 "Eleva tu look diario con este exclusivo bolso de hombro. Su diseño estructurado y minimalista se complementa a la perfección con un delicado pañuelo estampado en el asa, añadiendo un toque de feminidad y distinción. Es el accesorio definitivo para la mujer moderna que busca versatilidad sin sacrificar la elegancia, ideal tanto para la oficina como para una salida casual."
——————————
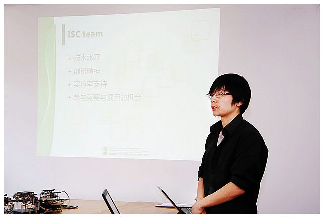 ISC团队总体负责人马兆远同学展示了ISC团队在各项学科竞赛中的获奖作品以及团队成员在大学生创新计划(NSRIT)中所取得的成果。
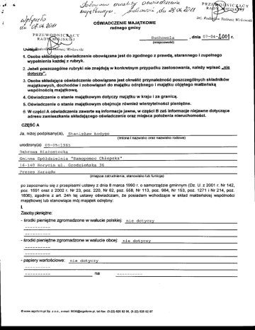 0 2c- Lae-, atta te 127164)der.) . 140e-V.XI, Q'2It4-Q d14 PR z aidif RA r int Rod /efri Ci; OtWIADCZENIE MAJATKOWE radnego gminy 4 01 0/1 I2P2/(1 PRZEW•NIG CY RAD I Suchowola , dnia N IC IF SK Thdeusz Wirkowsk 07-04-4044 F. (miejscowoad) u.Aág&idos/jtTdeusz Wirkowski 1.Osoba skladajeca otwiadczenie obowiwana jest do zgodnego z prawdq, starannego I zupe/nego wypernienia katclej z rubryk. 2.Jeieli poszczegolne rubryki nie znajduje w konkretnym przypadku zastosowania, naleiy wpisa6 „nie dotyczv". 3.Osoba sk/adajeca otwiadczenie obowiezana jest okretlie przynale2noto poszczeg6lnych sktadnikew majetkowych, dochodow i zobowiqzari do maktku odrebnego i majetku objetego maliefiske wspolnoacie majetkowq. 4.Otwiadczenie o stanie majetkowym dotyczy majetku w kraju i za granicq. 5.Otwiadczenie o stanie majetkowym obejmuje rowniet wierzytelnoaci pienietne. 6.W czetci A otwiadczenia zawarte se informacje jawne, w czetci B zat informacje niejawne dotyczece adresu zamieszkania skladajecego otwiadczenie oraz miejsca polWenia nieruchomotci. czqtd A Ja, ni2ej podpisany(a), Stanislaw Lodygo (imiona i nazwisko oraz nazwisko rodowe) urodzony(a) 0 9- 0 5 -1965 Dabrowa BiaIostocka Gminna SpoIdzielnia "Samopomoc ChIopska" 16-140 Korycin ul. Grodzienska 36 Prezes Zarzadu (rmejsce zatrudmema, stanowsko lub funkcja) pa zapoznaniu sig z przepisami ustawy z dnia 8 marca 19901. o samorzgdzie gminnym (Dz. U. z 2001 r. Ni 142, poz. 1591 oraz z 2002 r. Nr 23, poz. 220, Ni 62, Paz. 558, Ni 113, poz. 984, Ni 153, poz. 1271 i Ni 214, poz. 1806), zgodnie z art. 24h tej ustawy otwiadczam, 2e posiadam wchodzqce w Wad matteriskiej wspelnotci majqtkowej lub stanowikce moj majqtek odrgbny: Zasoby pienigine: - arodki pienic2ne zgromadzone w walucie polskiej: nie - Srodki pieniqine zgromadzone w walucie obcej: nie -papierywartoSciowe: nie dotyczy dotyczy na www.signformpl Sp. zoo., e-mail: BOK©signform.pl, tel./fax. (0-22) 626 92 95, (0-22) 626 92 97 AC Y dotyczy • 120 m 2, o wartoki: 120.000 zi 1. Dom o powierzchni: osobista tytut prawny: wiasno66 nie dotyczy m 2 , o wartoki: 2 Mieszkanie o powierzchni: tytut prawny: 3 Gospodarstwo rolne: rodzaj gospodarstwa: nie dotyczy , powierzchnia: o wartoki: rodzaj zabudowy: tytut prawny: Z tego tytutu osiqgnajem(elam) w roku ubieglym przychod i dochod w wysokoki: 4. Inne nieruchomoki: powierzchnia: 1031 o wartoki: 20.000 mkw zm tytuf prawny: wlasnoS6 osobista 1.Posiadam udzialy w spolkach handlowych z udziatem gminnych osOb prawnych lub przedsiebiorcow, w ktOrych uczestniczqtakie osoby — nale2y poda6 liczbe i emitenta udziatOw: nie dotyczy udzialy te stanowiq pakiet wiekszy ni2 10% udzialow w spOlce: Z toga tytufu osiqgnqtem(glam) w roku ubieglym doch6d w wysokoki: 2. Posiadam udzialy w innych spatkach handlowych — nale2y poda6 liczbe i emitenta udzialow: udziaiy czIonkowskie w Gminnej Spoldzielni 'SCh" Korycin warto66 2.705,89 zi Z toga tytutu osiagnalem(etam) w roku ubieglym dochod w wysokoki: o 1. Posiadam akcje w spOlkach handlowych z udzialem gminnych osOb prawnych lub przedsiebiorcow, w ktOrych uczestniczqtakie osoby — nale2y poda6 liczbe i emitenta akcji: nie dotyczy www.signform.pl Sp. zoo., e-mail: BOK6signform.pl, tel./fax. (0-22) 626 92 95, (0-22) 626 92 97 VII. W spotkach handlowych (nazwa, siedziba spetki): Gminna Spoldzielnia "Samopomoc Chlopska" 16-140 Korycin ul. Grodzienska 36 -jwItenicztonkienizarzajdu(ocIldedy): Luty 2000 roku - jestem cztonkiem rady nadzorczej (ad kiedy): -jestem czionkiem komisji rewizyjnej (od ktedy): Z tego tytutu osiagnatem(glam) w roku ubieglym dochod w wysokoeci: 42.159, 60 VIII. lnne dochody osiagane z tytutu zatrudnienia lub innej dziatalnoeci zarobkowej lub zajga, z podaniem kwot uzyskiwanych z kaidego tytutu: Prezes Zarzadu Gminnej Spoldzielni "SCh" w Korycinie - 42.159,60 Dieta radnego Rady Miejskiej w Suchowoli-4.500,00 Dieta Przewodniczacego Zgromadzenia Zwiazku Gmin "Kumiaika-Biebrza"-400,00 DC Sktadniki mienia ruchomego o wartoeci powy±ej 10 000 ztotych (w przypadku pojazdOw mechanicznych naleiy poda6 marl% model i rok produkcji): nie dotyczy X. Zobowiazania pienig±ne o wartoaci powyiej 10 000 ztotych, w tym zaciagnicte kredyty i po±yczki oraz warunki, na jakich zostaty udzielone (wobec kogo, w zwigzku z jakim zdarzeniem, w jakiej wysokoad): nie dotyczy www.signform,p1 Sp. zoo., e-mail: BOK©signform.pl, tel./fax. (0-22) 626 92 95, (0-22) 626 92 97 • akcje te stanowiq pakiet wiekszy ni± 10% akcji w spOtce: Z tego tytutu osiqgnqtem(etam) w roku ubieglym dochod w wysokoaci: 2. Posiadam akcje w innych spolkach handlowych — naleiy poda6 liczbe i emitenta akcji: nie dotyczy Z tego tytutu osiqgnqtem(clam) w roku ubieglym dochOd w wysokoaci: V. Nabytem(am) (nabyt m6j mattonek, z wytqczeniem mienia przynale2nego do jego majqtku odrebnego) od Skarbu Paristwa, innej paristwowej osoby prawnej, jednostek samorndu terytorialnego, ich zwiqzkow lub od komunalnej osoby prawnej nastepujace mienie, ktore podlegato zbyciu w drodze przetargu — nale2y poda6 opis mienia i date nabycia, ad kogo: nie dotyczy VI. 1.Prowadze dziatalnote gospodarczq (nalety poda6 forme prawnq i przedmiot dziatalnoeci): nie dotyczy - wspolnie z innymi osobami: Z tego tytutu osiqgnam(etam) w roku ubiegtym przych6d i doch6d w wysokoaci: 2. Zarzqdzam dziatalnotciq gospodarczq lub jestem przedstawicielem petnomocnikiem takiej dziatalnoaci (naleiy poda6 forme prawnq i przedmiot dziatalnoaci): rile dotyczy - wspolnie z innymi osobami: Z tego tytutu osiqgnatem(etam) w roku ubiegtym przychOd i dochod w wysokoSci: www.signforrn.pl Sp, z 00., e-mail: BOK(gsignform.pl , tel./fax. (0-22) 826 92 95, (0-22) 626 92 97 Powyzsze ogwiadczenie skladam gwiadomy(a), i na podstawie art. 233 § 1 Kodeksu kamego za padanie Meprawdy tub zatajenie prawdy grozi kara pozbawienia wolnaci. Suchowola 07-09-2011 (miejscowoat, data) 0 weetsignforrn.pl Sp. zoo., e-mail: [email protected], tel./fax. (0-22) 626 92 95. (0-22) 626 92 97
——————————
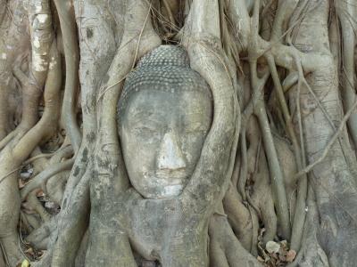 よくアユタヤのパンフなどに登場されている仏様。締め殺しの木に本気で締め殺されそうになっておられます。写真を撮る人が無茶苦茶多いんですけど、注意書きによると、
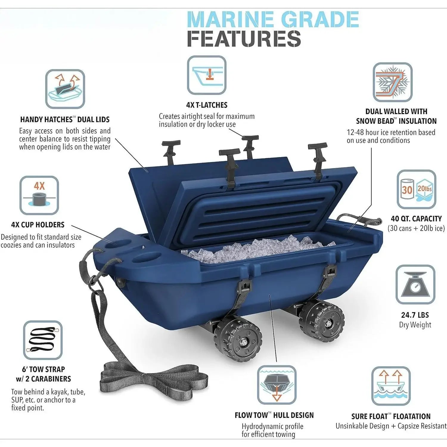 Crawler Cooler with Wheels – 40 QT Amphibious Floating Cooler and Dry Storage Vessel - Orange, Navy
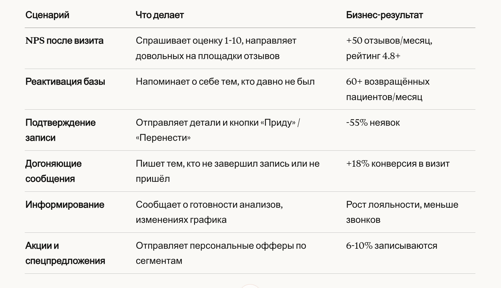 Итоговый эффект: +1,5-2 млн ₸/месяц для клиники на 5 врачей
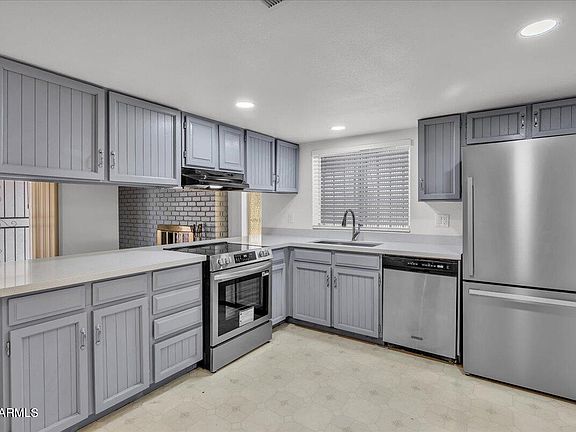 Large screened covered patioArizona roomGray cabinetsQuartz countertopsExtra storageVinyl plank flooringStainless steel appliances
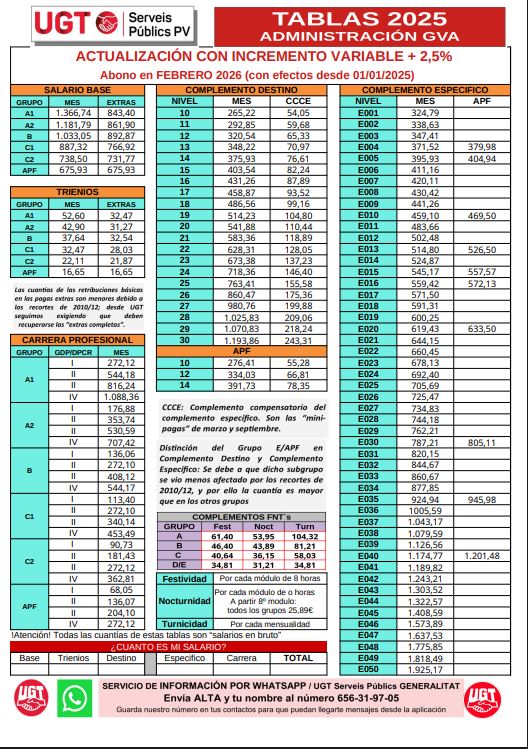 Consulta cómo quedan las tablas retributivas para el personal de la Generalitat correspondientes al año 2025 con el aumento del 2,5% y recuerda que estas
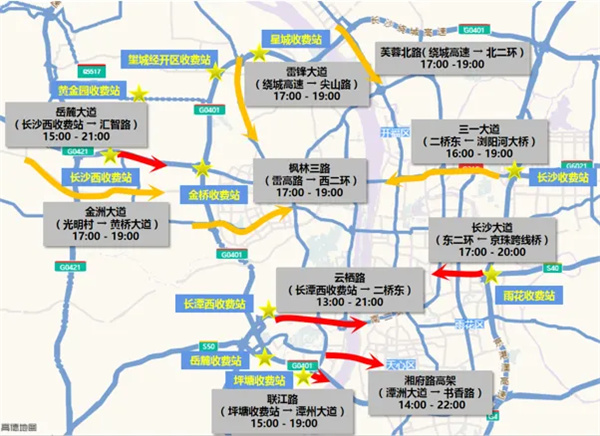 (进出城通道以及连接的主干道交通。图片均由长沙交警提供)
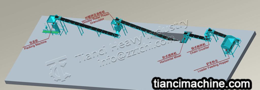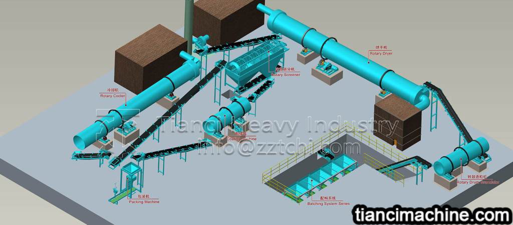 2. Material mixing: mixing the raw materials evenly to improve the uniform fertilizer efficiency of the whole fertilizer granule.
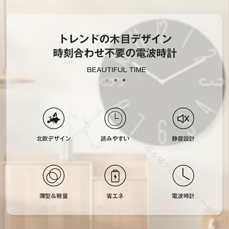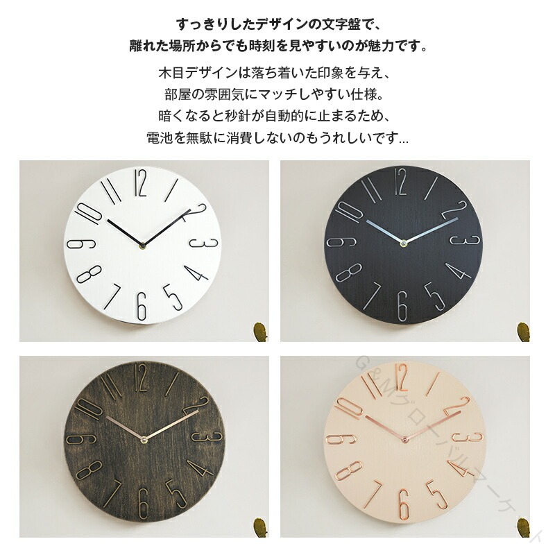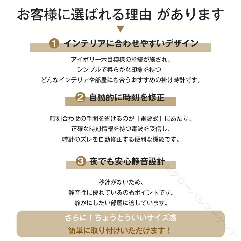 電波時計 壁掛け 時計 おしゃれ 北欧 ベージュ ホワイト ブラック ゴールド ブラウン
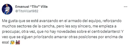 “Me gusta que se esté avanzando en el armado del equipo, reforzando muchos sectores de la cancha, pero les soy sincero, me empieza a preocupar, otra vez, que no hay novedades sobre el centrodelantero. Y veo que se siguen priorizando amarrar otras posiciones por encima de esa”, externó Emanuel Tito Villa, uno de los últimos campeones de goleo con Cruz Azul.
——————————
■ Requirement:
Transcribe, word for word, the lines of the listing above from the one that contains "よくアユタヤのパンフなどに登" through the one that contains "Итоговый эффект: +1,5-2", keeping both ends and dropping the pictures.

■ Written answer:
 よくアユタヤのパンフなどに登場されている仏様。締め殺しの木に本気で締め殺されそうになっておられます。写真を撮る人が無茶苦茶多いんですけど、注意書きによると、
 Crawler Cooler with Wheels – 40 QT Amphibious Floating Cooler and Dry Storage Vessel - Orange, Navy
 Итоговый эффект: +1,5-2 млн ₸/месяц для клиники на 5 врачей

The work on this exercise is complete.